ClickHouse PARTITION BY vs ORDER BY vs PRIMARY KEY

Q: What is the difference between PARTITION BY and ORDER BY in ClickHouse?

PARTITION BY decides how parts are grouped on disk for lifecycle operations — dropping old months, applying TTL, attaching backfills. ORDER BY decides how rows are physically sorted inside each part, which controls the primary index and most query performance. PARTITION BY is for operations; ORDER BY is for reads.

Q: What is the PRIMARY KEY in ClickHouse and how does it differ from a row store?
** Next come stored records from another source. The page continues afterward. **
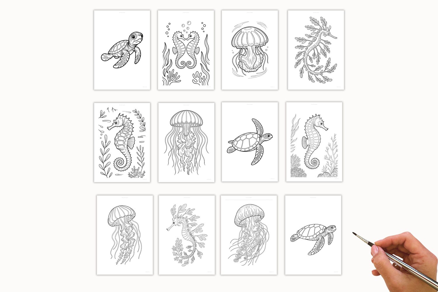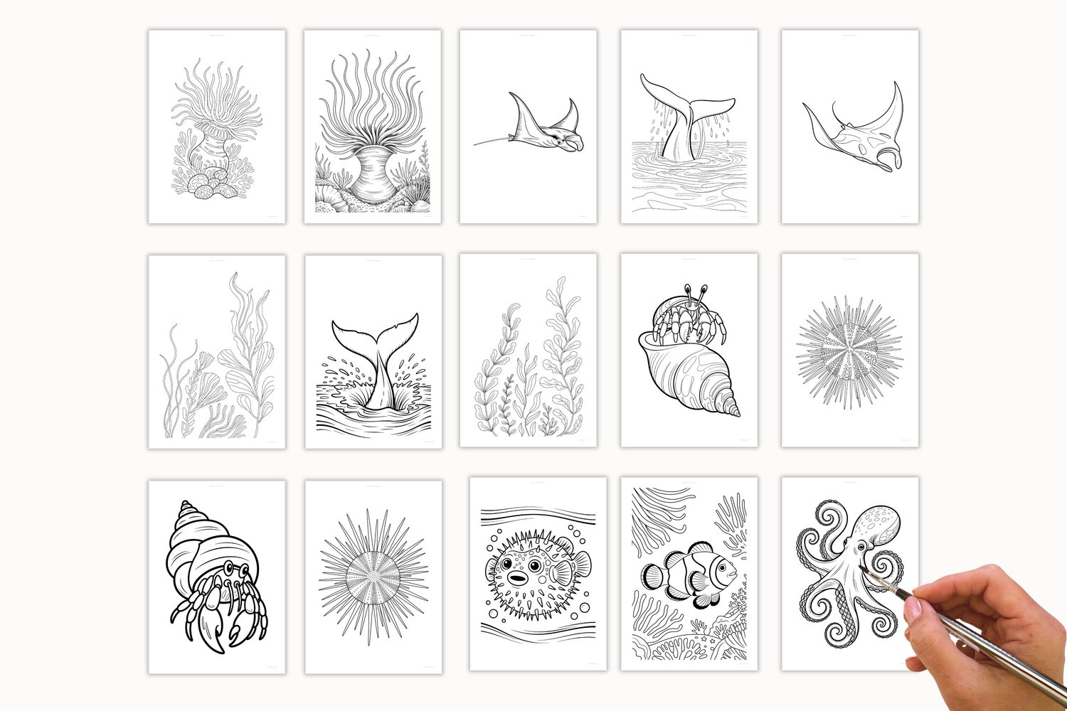 Dive into a stunning collection of 42 hand-drawn ocean life illustrations — ready to print, trace, paint, and color.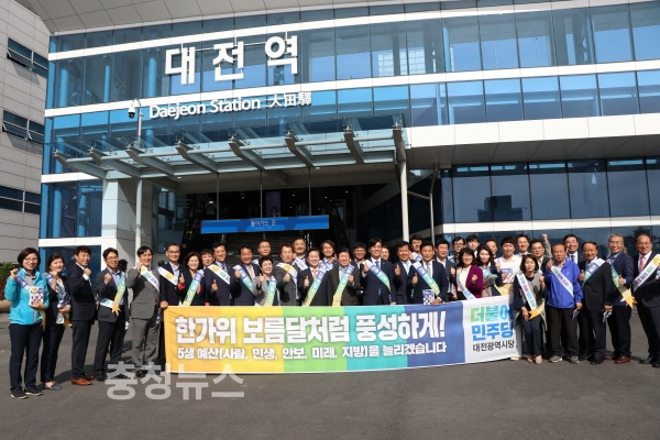 더불어민주당 대전시당은 29일 오후 2시 추석 연휴를 맞아 대전역에서 귀향인사 및 정책홍보물을 배포했다.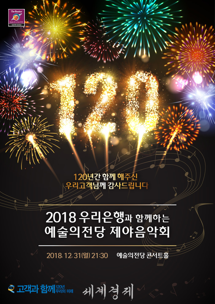 우리은행은 문화예술 지원활동의 하나로 2008년부터 11년째 예술의전당 제야음악회를 후원하고 있다. 제야음악회는 한해를 마무리하고 다가올 새해를 맞이한다는 의미에서 매년 마지막 날에 실시되고 있으며, 음악회에 이어 예술의전당 야외광장에서는 소망풍선 날리기와 불꽃놀이 등 2019년 새해맞이 행사가 진행될 예정이다.
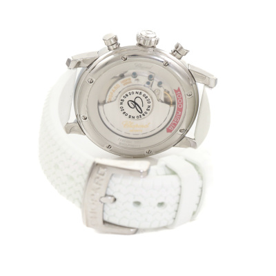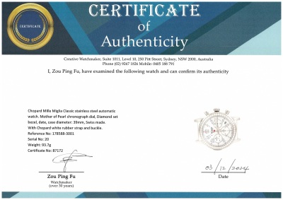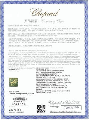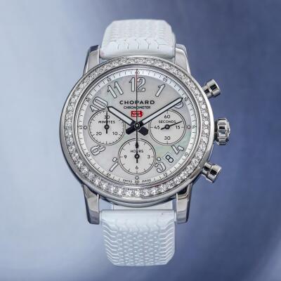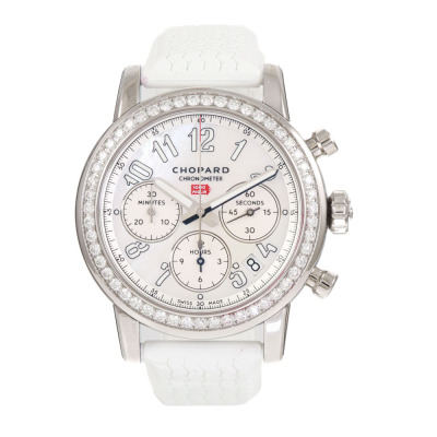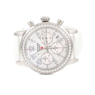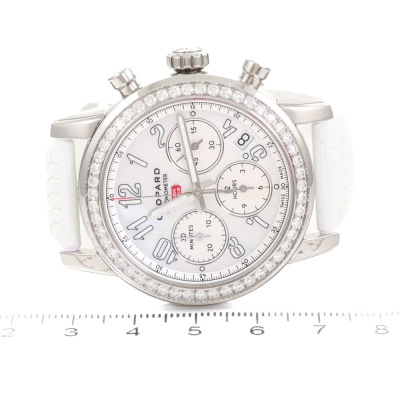 Chopard Mille Miglia Classic stainless steel automatic watch. Mother of Pearl chronograph dial, Diamond set bezel, date, case diameter: 39mm, strap length: 19cm, Swiss made. Ref# 178588-3001. With Chopard white rubber strap and buckle. With Certificate of Authenticity, Chopard Certificate of Origin dated 03/04/2023 and Chopard box. 3 month FSA warranty. (Pre-owned)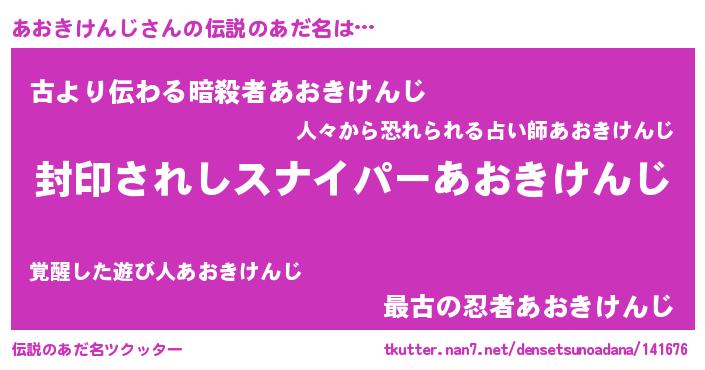 | 男性向けラノベタイトル風あだ名 | 『アオキケンジアートオンライン』 |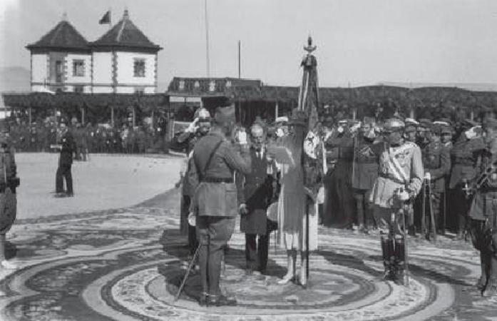 El 5 de octubre de 1927 S.M. la Reina Doña Victoria Eugenia entregaba al Tercio su anhelada Bandera bordada con sus manos y ya bañada con la sangre de los legionarios: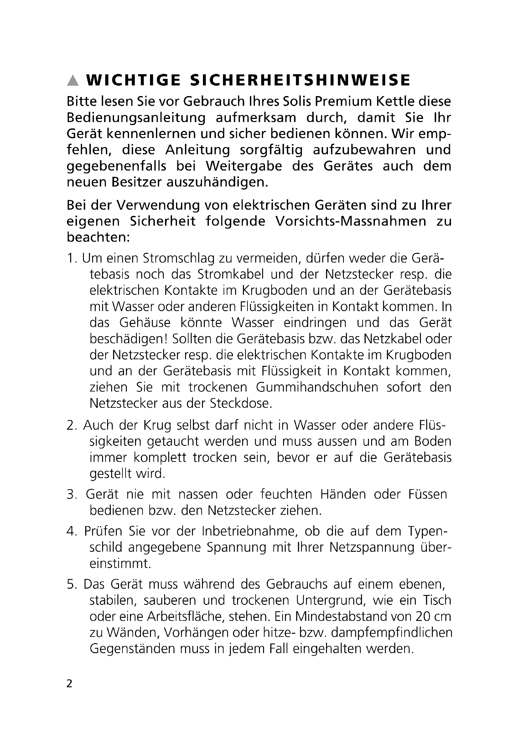 19. Benutzen Sie den Solis Wasserkocher nur zum Erhitzen von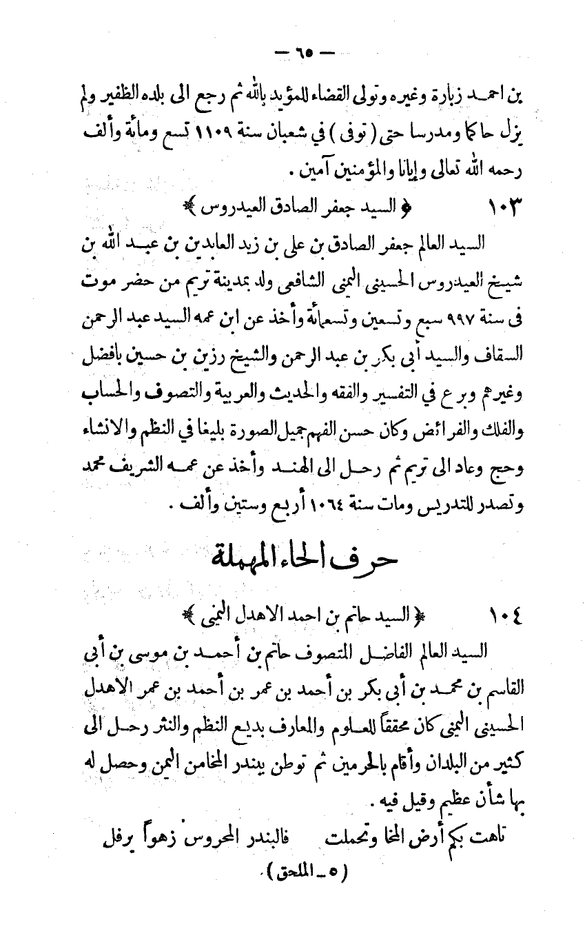 السَّيِّد الْعَالم جَعْفَر الصَّادِق بن على بن زيد العابدين بن عبد الله بن شيخ العيدروس الحسينى الْيُمْنَى الشافعى ولد بِمَدِينَة تريم من حَضرمَوْت فِي سنة 997 سبع وَتِسْعين وَتِسْعمِائَة وَأخذ عَن ابْن عَمه السَّيِّد عبد الرَّحْمَن السقاف وَالسَّيِّد أَبى بكر بن عبد الرَّحْمَن وَالشَّيْخ رزين بن حُسَيْن بَافضل وَغَيرهم وبرع فِي التَّفْسِير وَالْفِقْه والْحَدِيث والعربية والتصوف والحساب والفلك والفرائض وَكَانَ حسن الْفَهم جميل الصُّورَة بليغا فِي النّظم والإنشاء وَحج وَعَاد إِلَى تريم ثمَّ رَحل إِلَى الْهِنْد وَأخذ عَن عَمه الشريف مُحَمَّد وتصدر للتدريس وَمَات سنة 1064 أَربع وَسِتِّينَ وَألف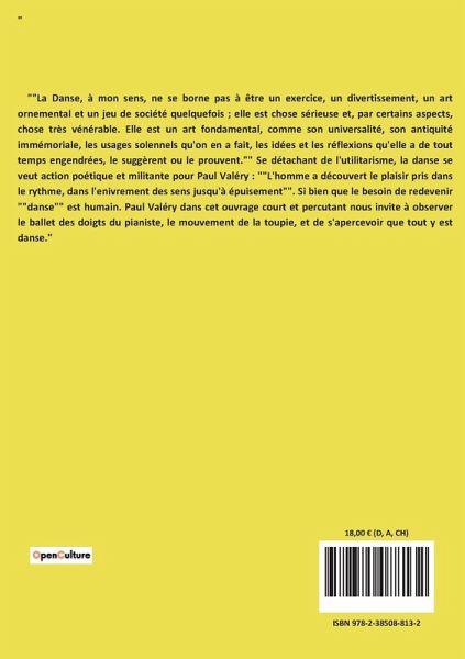 " ""La Danse, à mon sens, ne se borne pas à être un exercice, un divertissement, un art ornemental et un jeu de société quelquefois ; elle est chose sérieuse et, par certains aspects, chose très vénérable. Elle est un art fondamental, comme son universalité, son antiquité immémoriale, les usages solennels qu'on en a fait, les idées et les réflexions qu'elle a de tout temps engendrées, le suggèrent ou le prouvent."" Se détachant de l'utilitarisme, la danse se veut action poétique et militante pour Paul Valéry : ""L'homme a découvert le plaisir pris dans le rythme, dans l'enivrement des sens jusqu'à épuisement"". Si bien que le besoin de redevenir ""danse"" est humain. Paul Valéry dans cet ouvrage court et percutant nous invite à observer le ballet des doigts du pianiste, le mouvement de la toupie, et de s'apercevoir que tout y est danse."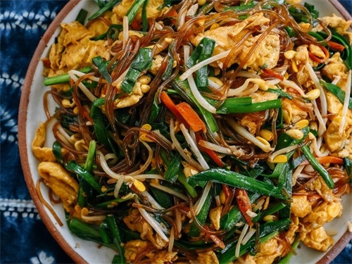 它非常的质朴又丰盛,有很多食材结合在一起,例如鸡蛋、韭菜、胡萝卜、豆芽、肉丝、红薯粉丝等,味道咸鲜平衡,堪称完美!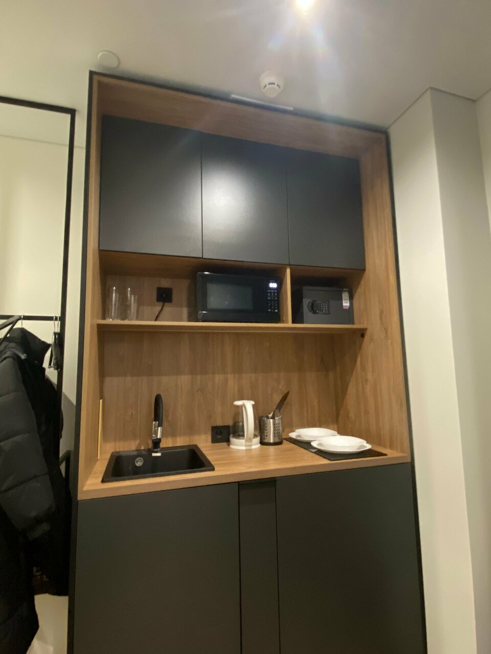 - Наличие всех необходимых предметов (зубная щётка, фен, холодильник, микроволновка, чайник, телевизор, тапочки, формочки для льда).
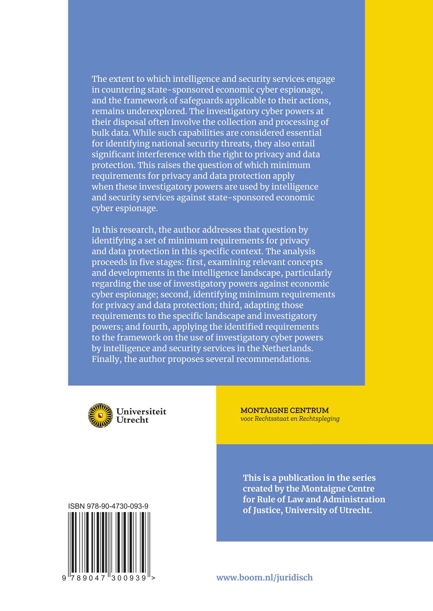 In this research, the author addresses that question by identifying a set of minimum requirements for privacy and data protection in this specific context. The analysis proceeds in five stages: first, examining relevant concepts and developments in the intelligence landscape, particularly regarding the use of investigatory powers against economic cyber espionage; second, identifying minimum requirements for privacy and data protection; third, adapting those requirements to the specific landscape and investigatory powers; and fourth, applying the identified requirements to the framework on the use of investigatory cyber powers by intelligence and security services in the Netherlands. Finally, the author proposes several recommendations.
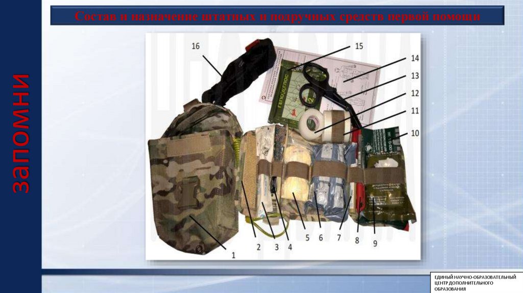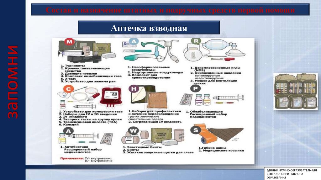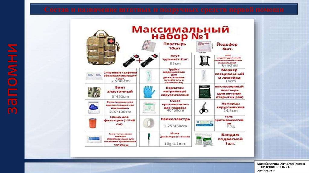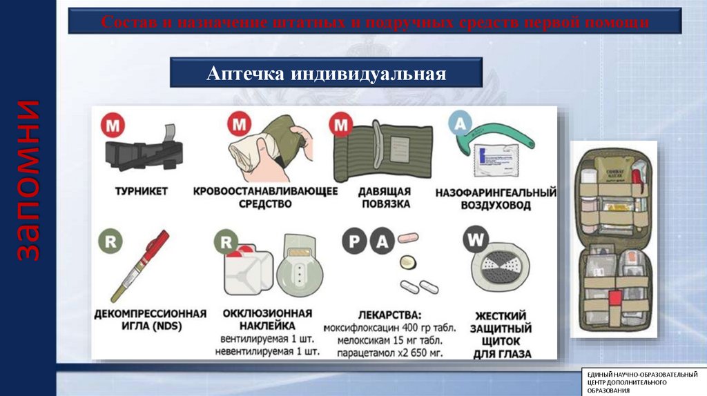 запомниСостав и назначение штатных и подручных средств первой помощи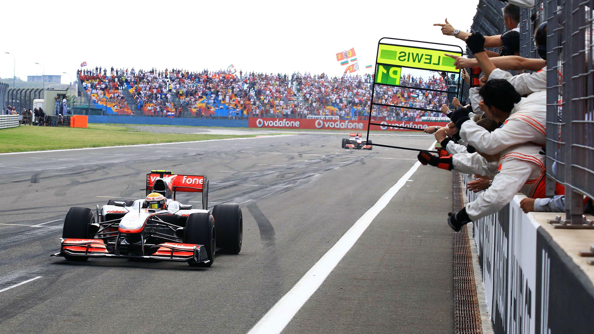 Iskoristivši ovaj poklon, McLaren je preuzeo prve dvije pozicije u utrci, s Hamiltonom na vrhu. Idila je trajala samo osam krugova, kada je na istome mjestu navedenog incidenta, započeo novi dvoboj dvojice momčadskih kolega. Ovaj put je Button napao Hamiltona za prvo mjesto u poretku, a publika je ponovno zadržala dah. Ipak Britanci su bili puno oprezniji i dopustili su da samo izravno utrkivanje kroz naredni krug odluči pobjednika.

The ClickHouse PRIMARY KEY is a sparse index — it stores one entry per granule (8,192 rows by default), not one entry per row. It does not enforce uniqueness, and it has nothing to do with foreign keys. Its only job is to help the engine skip granules at read time. Treating it like a uniqueness constraint is the most common ClickHouse design mistake.

Q: Can ORDER BY and PRIMARY KEY be different in ClickHouse?

Yes, but the PRIMARY KEY must be a prefix of ORDER BY. The pattern is useful when you want a longer sort key for query layout but a shorter index key to keep the index small. If you do not specify PRIMARY KEY explicitly, ClickHouse uses the full ORDER BY as the primary key.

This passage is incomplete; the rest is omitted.